---- DATA BLOCK

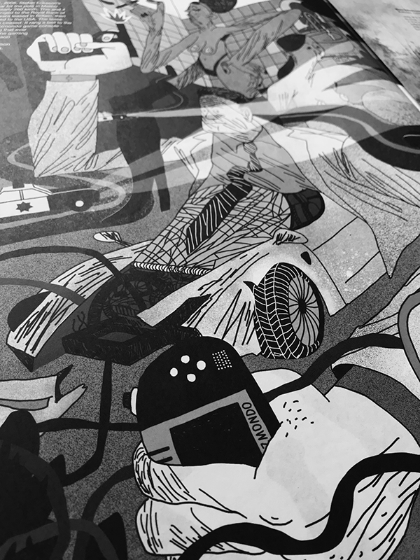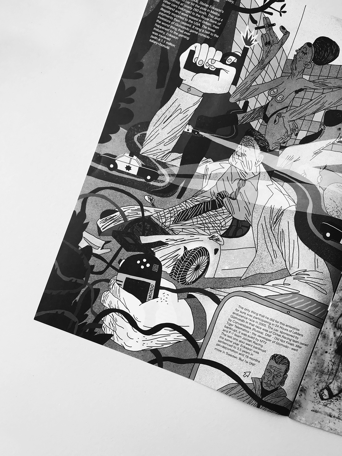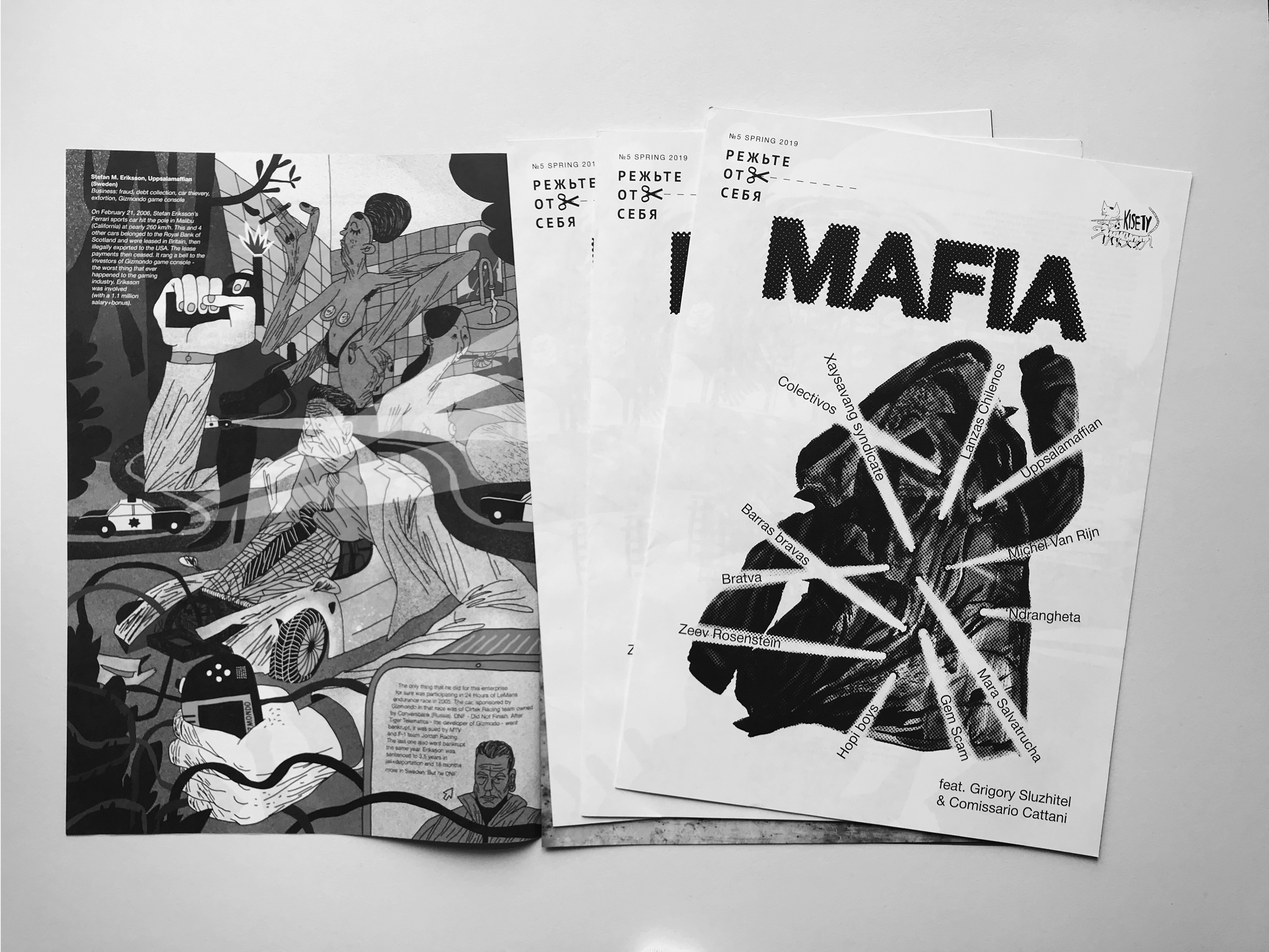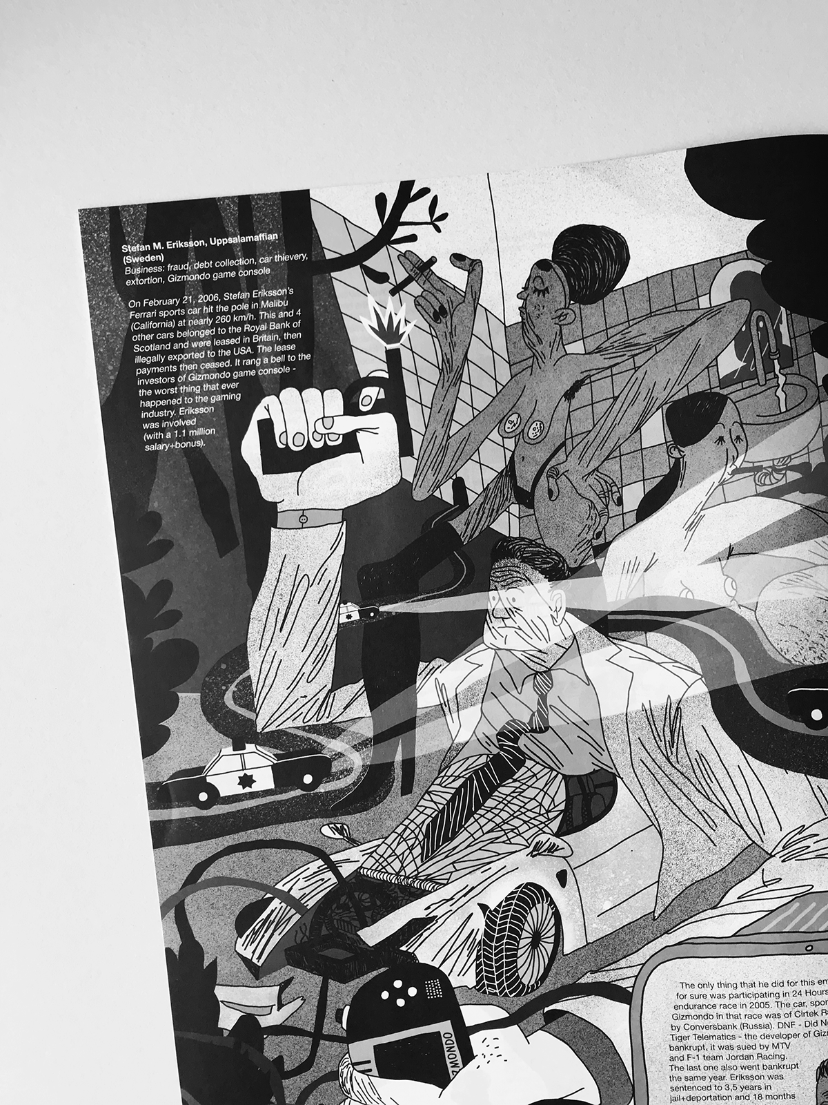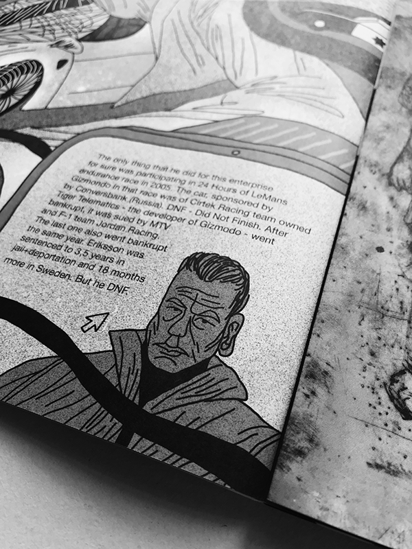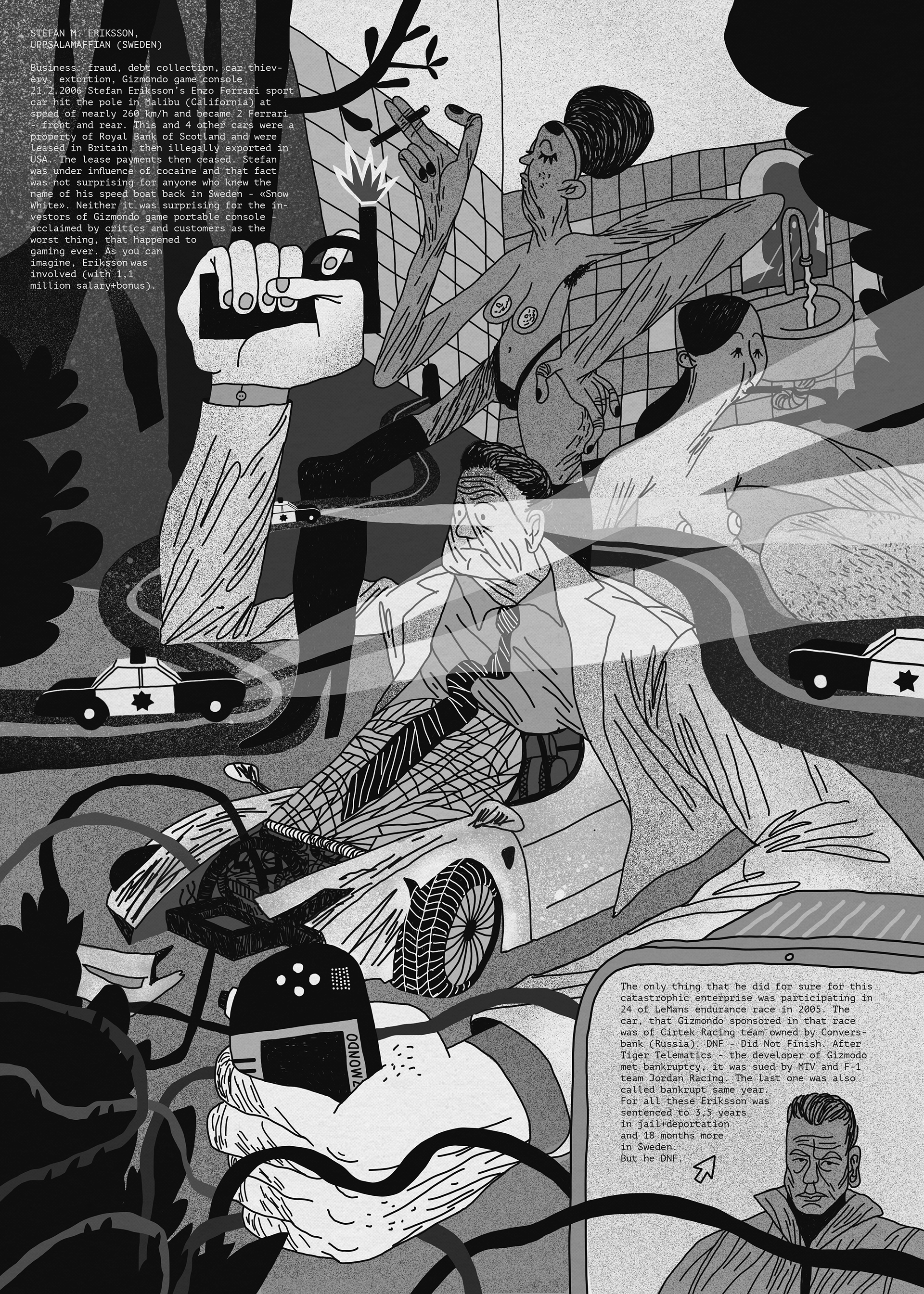 Illustration of Stefan Eriksson and Uppsala Mafia for the periodical newspaper Rezh'te Ot Sebya issued by Kisety art group.
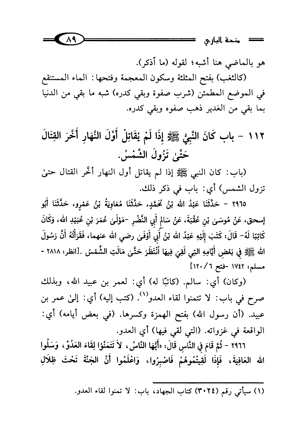 2965 - حَدَّثَنَا عَبْدُ اللَّهِ بْنُ مُحَمَّدٍ، حَدَّثَنَا مُعَاويَةُ بْنُ عَمْرٍو، حَدَّثَنَا أَبُو إِسْحَاقَ، عَنْ مُوسَى بْنِ عُقْبَةَ، عَنْ سَالِمٍ أَبِي النَّضْرِ، مَوْلَى عُمَرَ بْنِ عُبَيْدِ اللَّهِ، وَكَانَ كَاتِبًا لَهُ، قَال: كَتَبَ إِلَيْهِ عَبْدُ اللَّهِ بْنُ أَبِي أَوْفَى رَضِيَ اللَّهُ عَنْهُمَا، فَقَرَأْتُهُ: إِنَّ رَسُولَ اللَّهِ صَلَّى اللهُ عَلَيْهِ وَسَلَّمَ فِي بَعْضِ أَيَّامِهِ الَّتِي لَقِيَ فِيهَا، انْتَظَرَ حَتَّى مَالتِ الشَّمْسُ.
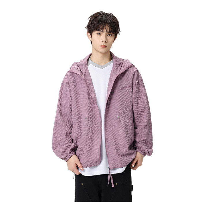 WASSUP NURAYA泡泡格速乾防曬衣男夏薄款連帽防紫外線情侶防曬服
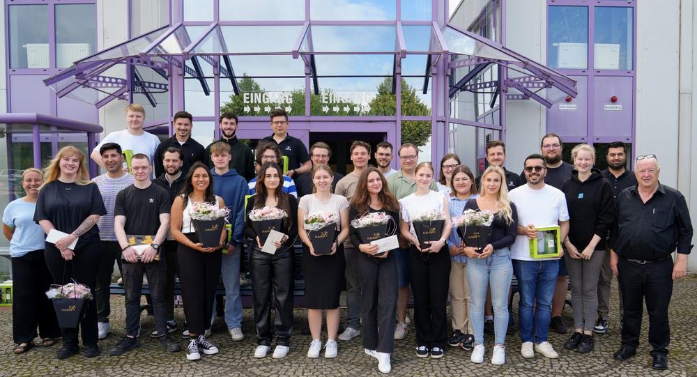 Denis Koop, Lukas Obst und Emre Türegün als Fachinformatiker/in (Systemintegration), Josuah Redikop, Robert Tobisch, Johann Derksen und Daniel Stein als IT-System-Elektroniker, Rabia Akkas, Angelina Bese, Celina van Ringen, Abdul Rahmann und Matthias Peters als Fachkraft für Lagerlogistik sowie Ronja Smiatek als Mediengestalterin den Abschluss ihrer Ausbildungszeit.

--------

# TASK STATEMENT:
Copy the listing over exactly, skipping the pictures it holds.

# REPLY:
 Illustration of Stefan Eriksson and Uppsala Mafia for the periodical newspaper Rezh'te Ot Sebya issued by Kisety art group.
 2965 - حَدَّثَنَا عَبْدُ اللَّهِ بْنُ مُحَمَّدٍ، حَدَّثَنَا مُعَاويَةُ بْنُ عَمْرٍو، حَدَّثَنَا أَبُو إِسْحَاقَ، عَنْ مُوسَى بْنِ عُقْبَةَ، عَنْ سَالِمٍ أَبِي النَّضْرِ، مَوْلَى عُمَرَ بْنِ عُبَيْدِ اللَّهِ، وَكَانَ كَاتِبًا لَهُ، قَال: كَتَبَ إِلَيْهِ عَبْدُ اللَّهِ بْنُ أَبِي أَوْفَى رَضِيَ اللَّهُ عَنْهُمَا، فَقَرَأْتُهُ: إِنَّ رَسُولَ اللَّهِ صَلَّى اللهُ عَلَيْهِ وَسَلَّمَ فِي بَعْضِ أَيَّامِهِ الَّتِي لَقِيَ فِيهَا، انْتَظَرَ حَتَّى مَالتِ الشَّمْسُ.
 WASSUP NURAYA泡泡格速乾防曬衣男夏薄款連帽防紫外線情侶防曬服
 Denis Koop, Lukas Obst und Emre Türegün als Fachinformatiker/in (Systemintegration), Josuah Redikop, Robert Tobisch, Johann Derksen und Daniel Stein als IT-System-Elektroniker, Rabia Akkas, Angelina Bese, Celina van Ringen, Abdul Rahmann und Matthias Peters als Fachkraft für Lagerlogistik sowie Ronja Smiatek als Mediengestalterin den Abschluss ihrer Ausbildungszeit.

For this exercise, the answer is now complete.